Privacy preservation has become a critical concern for governments, hospitals, and large corporations. Homomorphic encryption (HE) enables a ciphertext-based computation paradigm with strong security guarantees. In emerging cross-agency data cooperation scenarios like vertical federated learning (VFL), HE protects the data interaction from exposure to counterparts.

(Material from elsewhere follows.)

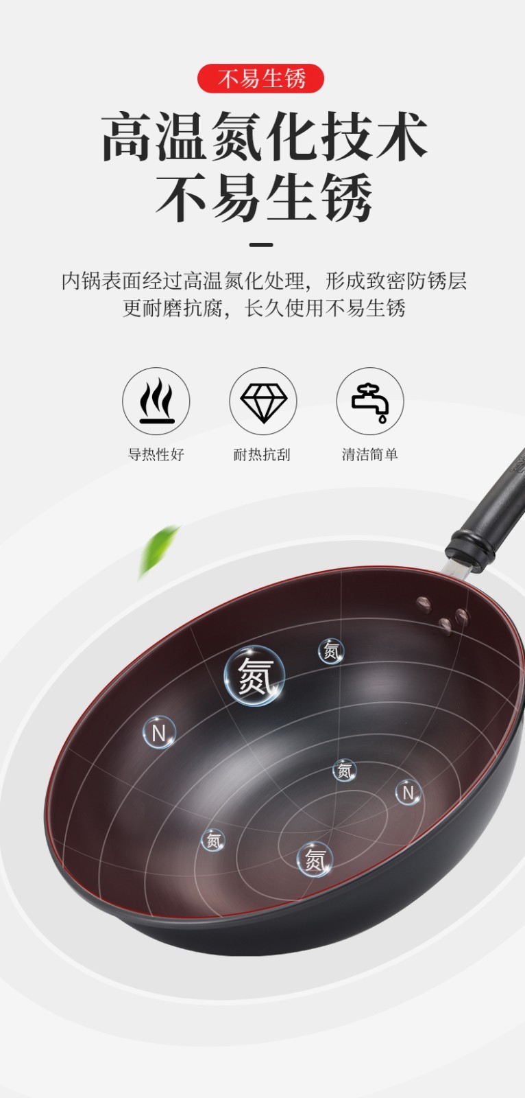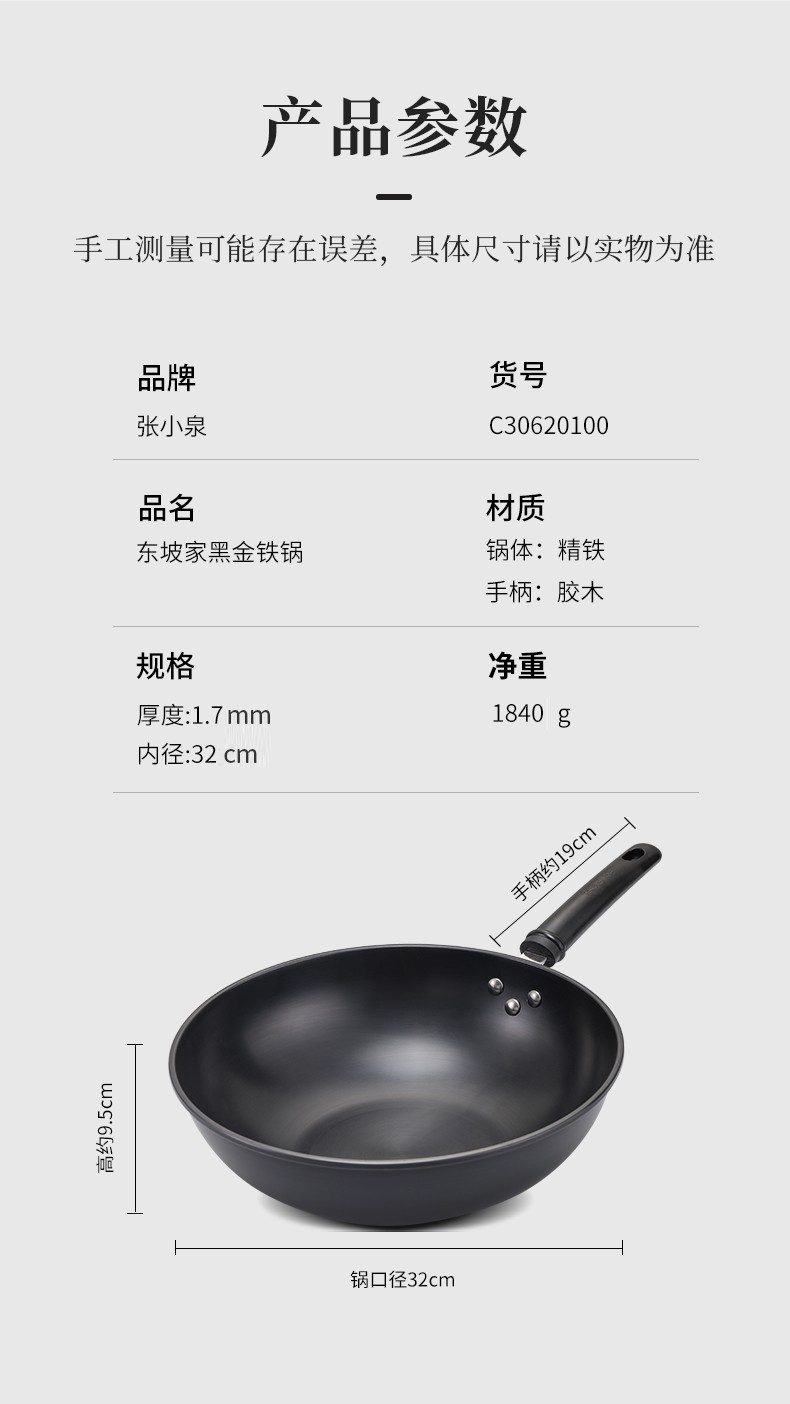 张小泉 东坡家黑金铁锅C30620100 炒锅
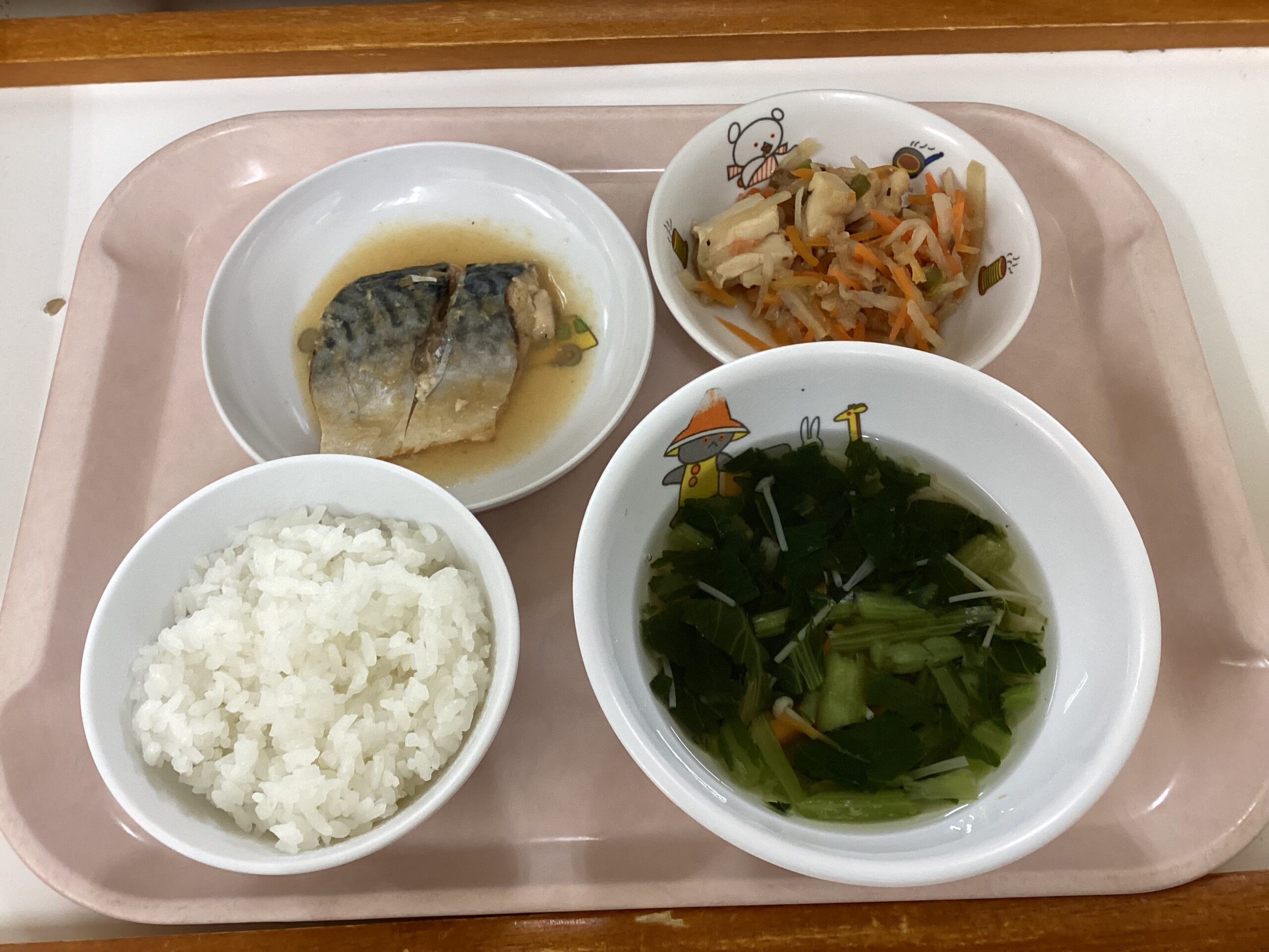 〈給食〉さばのみそ煮、ごはん、切り干し大根の煮物、小松菜のすまし汁。

However, computation on ciphertext has significant performance challenges due to increased data size and substantial overhead. Related work has been proposed to accelerate HE using parallel hardware, such as GPUs, FPGAs, and ASICs. However, many existing hardware accelerators target specific HE operations, such as number theoretic transform (NTT) and key switching, providing limited performance improvement for end-to-end applications. Others support bootstrapping, which requires quite a large ASIC design. To better support existing VFL training applications, we propose SAFE, an HE accelerator for scalable homomorphic matrix-vector products (HMVPs), which is the performance bottleneck. SAFE adopts a coefficient-wise encoded HMVP algorithm, despite a vanilla mode, we further explore the compressed and concatenated modes, which can fully utilize the polynomial encoding slots. The proposed hardware architecture, customized for HMVP dataflow, supports spatial and temporal parallelization of function units. The most costly polynomial function, NTT, is implemented with a low-area constant geometry unit which improves efficiency by $2.43\times $ . SAFE is implemented as a CPU-FPGA heterogeneous acceleration system, unleashing the multithread potential. The evaluation demonstrates an up to $36\times $ speed-up in end-to-end federated logistic regression training.
面向垂直联邦学习的可扩展同态加密加速器
隐私保护已经成为政府、医院和大公司关注的关键问题。同态加密(HE)提供了一种基于密文的计算范式,具有很强的安全性保证。在新兴的跨机构数据合作场景(如垂直联邦学习(VFL))中,HE保护数据交互不暴露给对手。然而,由于数据大小的增加和大量的开销,对密文的计算具有显著的性能挑战。相关的工作已经提出,以加速HE使用并行硬件,如gpu, fpga和asic。然而,许多现有的硬件加速器针对特定的HE操作,如数论变换(NTT)和键交换,为端到端应用程序提供有限的性能改进。其他支持自引导,这需要相当大的ASIC设计。为了更好地支持现有的VFL训练应用,我们提出了SAFE,一个可扩展同态矩阵矢量产品(HMVPs)的HE加速器,这是性能瓶颈。SAFE采用了系数型编码的HMVP算法,尽管是一种普通模式,但我们进一步探索了压缩和连接模式,可以充分利用多项式编码槽。所提出的硬件架构,为HMVP数据流定制,支持功能单元的空间和时间并行化。最昂贵的多项式函数NTT采用低面积常数几何单元实现,效率提高了2.43倍。SAFE作为一个CPU-FPGA异构加速系统实现,释放了多线程的潜力。评估表明,端到端联邦逻辑回归训练的速度提高了36倍。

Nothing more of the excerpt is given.